--- START ---

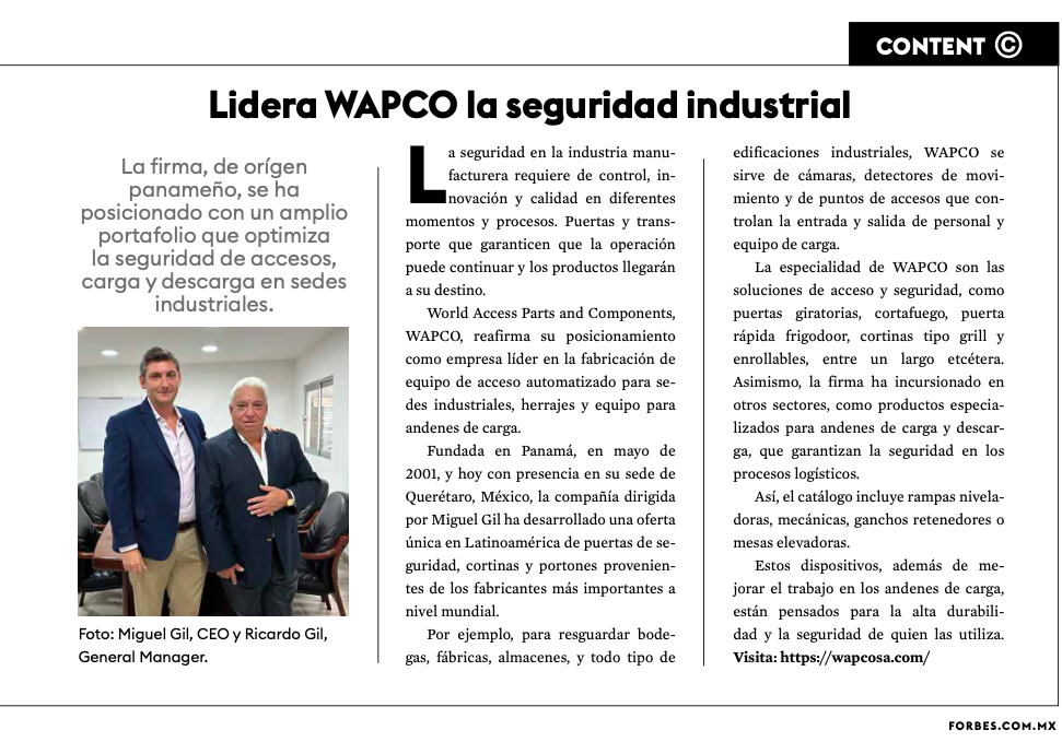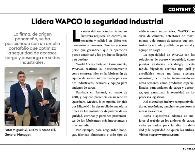 No solo vendemos soluciones, definimos el estándar global de protección. Este reconocimiento de Forbes reafirma nuestra misión: innovar hoy para garantizar un mañana seguro en cada sector productivo.
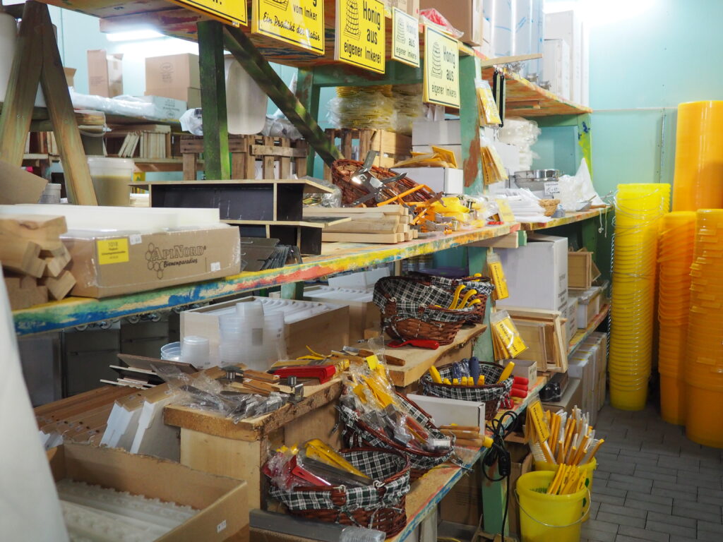 Was auch nicht fehlen darf, sind Rähmchen, Draht, Ösen, Abstandshalter, Mittelwände, Futtertaschen und Honigeimer.
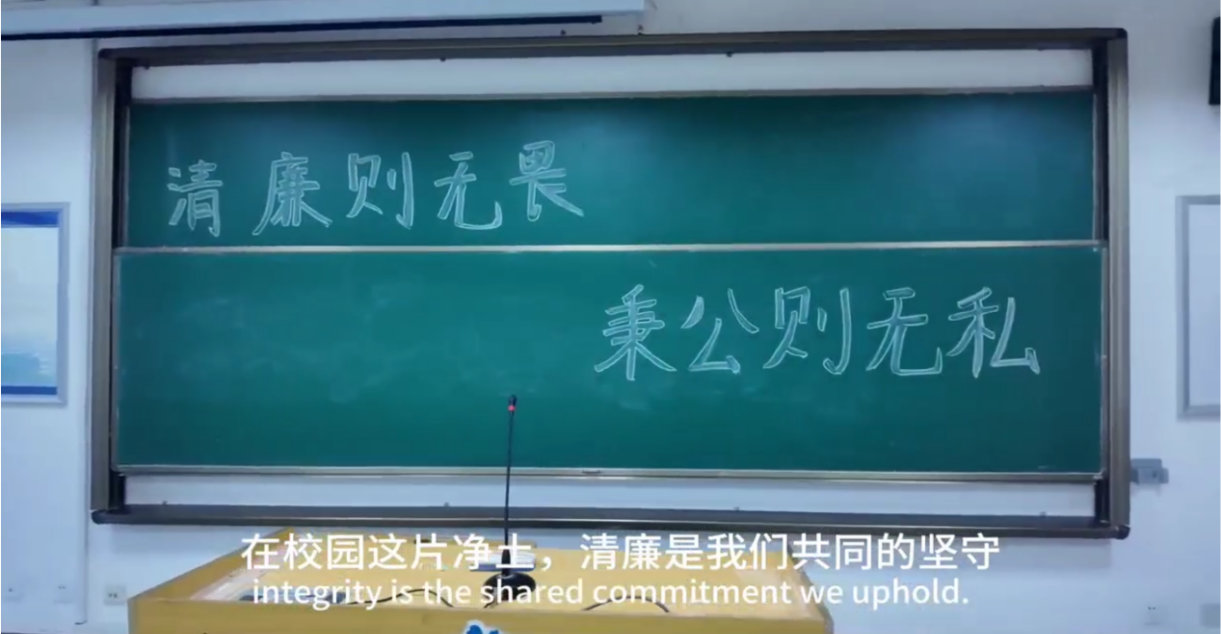 作为伟德victor1946的特色公益广告,作品充分发挥专业优势,采用中英双语呈现。团队精心打磨每一句台词,如将“清廉有畏”译为“Integrity with Reverence”,既准确传达核心价值,又体现文化特色。这种创新表达,让廉洁文化突破了语言界限,展现出更广阔的国际传播潜力。
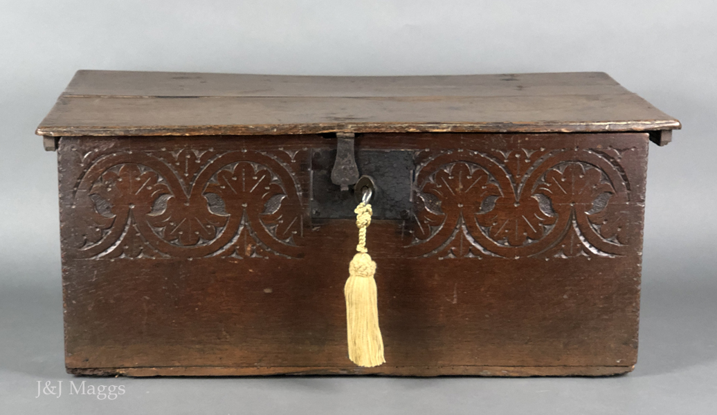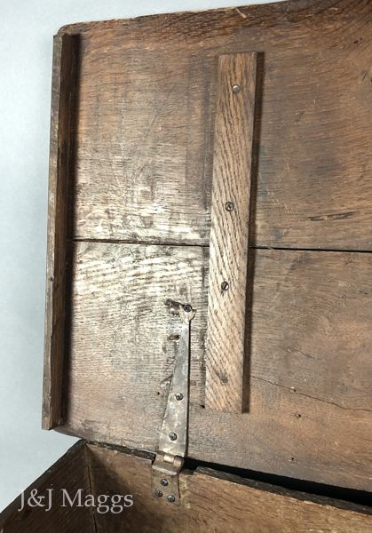 A deep box with shallow carving on its upper half and chip carving at the ends of its face. Perhaps its most remarkable feature is its back, which has bowed to such a degree that the hinges were pried from it. Fortunately, these original strap hinges were still present, although dysfunctional, and have been re-attached and are now functioning. The hasp and the working lock are also present. The outer cleats have been replaced, and two additional cleats have been added for stabilization.
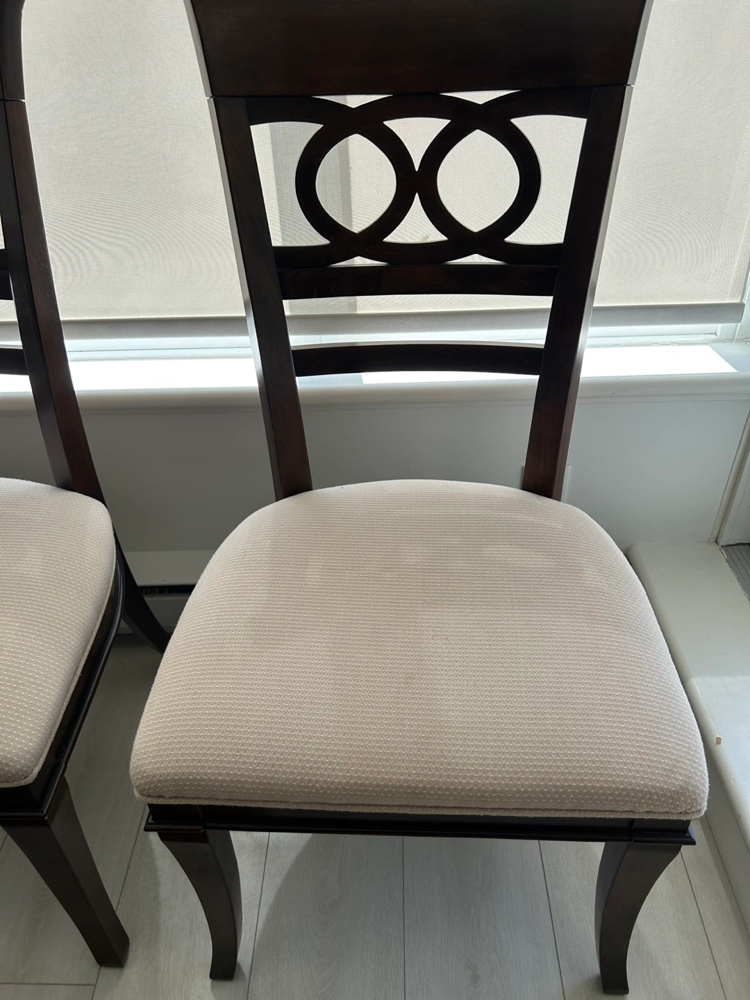 Selling a set of two dining chairs. They have a dark wood frame and a light-coloured upholstered seat. The backs feature a decorative circular design. They're in good condition and price include both chairs.
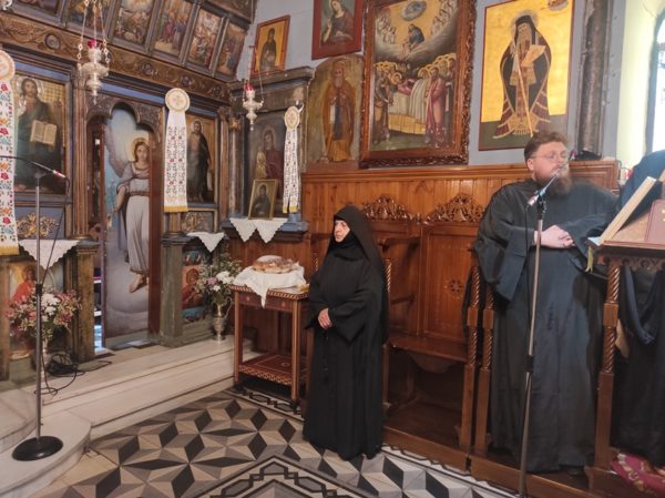 Τέλος, αφού μετέφερε τις ευχές και τις ευλογίες του Σεβασμιωτάτου Ποιμενάρχου μας κ. Διονυσίου στην Ηγουμένη Γερόντισσα Ευαγγελία και στην περί αυτήν αδελφότητα, ευχήθηκε στις αδελφές και στους προσκυνητές της Ι. Μονής η Παναγία μας να γίνει αστείρευτη πηγή θείων ευλογιών για όλους μας. Ακολούθησε μικρά Λιτάνευση, λόγω δυσμενών καιρικών συνθηκών, της Ι. Εικόνος της Ζωοδόχου Πηγής και του εις την Ι. Μονή φυλασσόμενου Ιερού Λειψάνου του εν Αγίοις Πατρός ημών Μακαρίου Αρχιεπισκόπου Κορίνθου του Νοταρά, η μνήμη του Οποίου εκ μεταθέσεως εορτάζεται την Κυριακή του Θωμά.

--- END ---

WHAT TO WORK ON »
With the pictures left out, please output each line from the one containing "Selling a set" through the end of the entries, exactly as it is.

SOLUTION TO THIS PROBLEM »
 Selling a set of two dining chairs. They have a dark wood frame and a light-coloured upholstered seat. The backs feature a decorative circular design. They're in good condition and price include both chairs.
 Τέλος, αφού μετέφερε τις ευχές και τις ευλογίες του Σεβασμιωτάτου Ποιμενάρχου μας κ. Διονυσίου στην Ηγουμένη Γερόντισσα Ευαγγελία και στην περί αυτήν αδελφότητα, ευχήθηκε στις αδελφές και στους προσκυνητές της Ι. Μονής η Παναγία μας να γίνει αστείρευτη πηγή θείων ευλογιών για όλους μας. Ακολούθησε μικρά Λιτάνευση, λόγω δυσμενών καιρικών συνθηκών, της Ι. Εικόνος της Ζωοδόχου Πηγής και του εις την Ι. Μονή φυλασσόμενου Ιερού Λειψάνου του εν Αγίοις Πατρός ημών Μακαρίου Αρχιεπισκόπου Κορίνθου του Νοταρά, η μνήμη του Οποίου εκ μεταθέσεως εορτάζεται την Κυριακή του Θωμά.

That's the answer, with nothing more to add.